WORK ORDER: Return all of the data that follows precisely, leaving every image out.

DATASET SECTION:
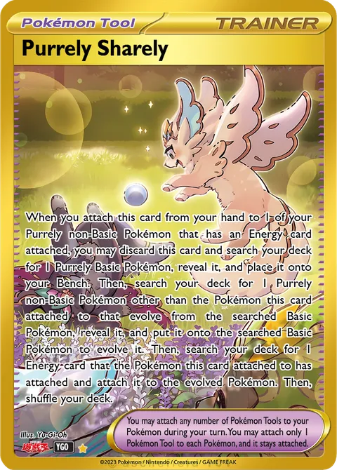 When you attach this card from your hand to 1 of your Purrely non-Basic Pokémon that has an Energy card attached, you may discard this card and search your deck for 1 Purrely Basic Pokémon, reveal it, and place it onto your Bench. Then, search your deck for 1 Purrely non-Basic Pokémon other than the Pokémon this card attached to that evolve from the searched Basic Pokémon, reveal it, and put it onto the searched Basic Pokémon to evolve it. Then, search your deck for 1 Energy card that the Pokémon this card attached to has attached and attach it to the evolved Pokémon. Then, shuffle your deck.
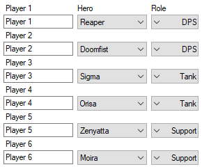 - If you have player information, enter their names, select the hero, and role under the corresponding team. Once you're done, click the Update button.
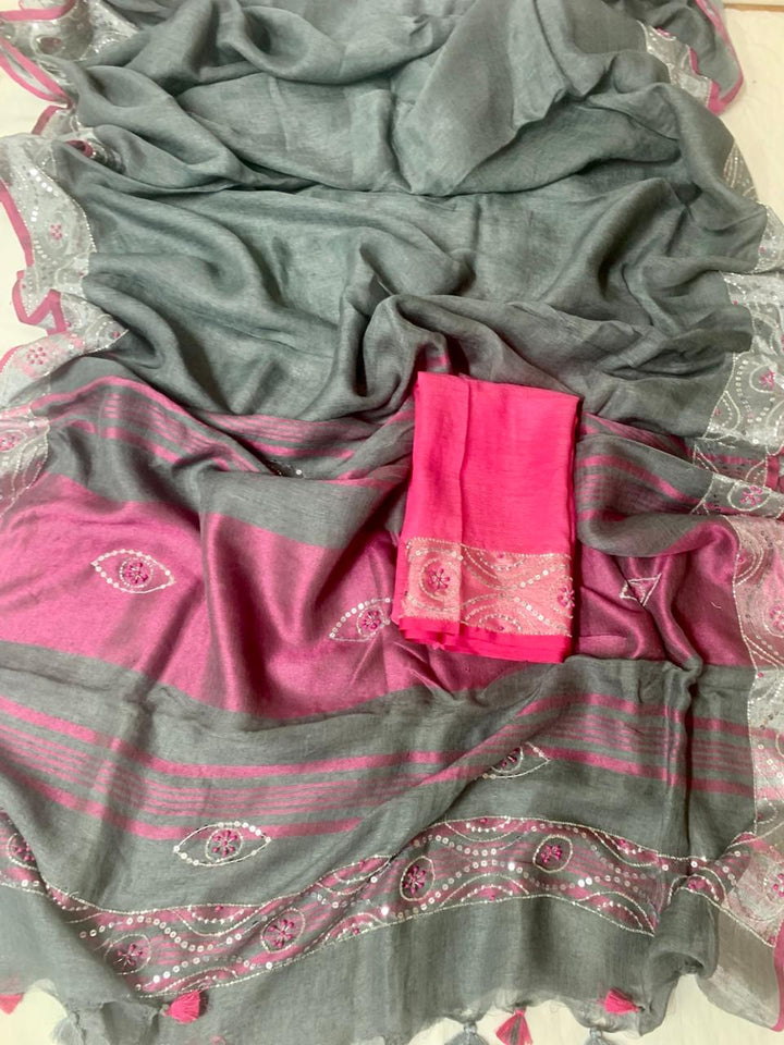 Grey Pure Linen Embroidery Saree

REPLY:
 When you attach this card from your hand to 1 of your Purrely non-Basic Pokémon that has an Energy card attached, you may discard this card and search your deck for 1 Purrely Basic Pokémon, reveal it, and place it onto your Bench. Then, search your deck for 1 Purrely non-Basic Pokémon other than the Pokémon this card attached to that evolve from the searched Basic Pokémon, reveal it, and put it onto the searched Basic Pokémon to evolve it. Then, search your deck for 1 Energy card that the Pokémon this card attached to has attached and attach it to the evolved Pokémon. Then, shuffle your deck.
 - If you have player information, enter their names, select the hero, and role under the corresponding team. Once you're done, click the Update button.
 Grey Pure Linen Embroidery Saree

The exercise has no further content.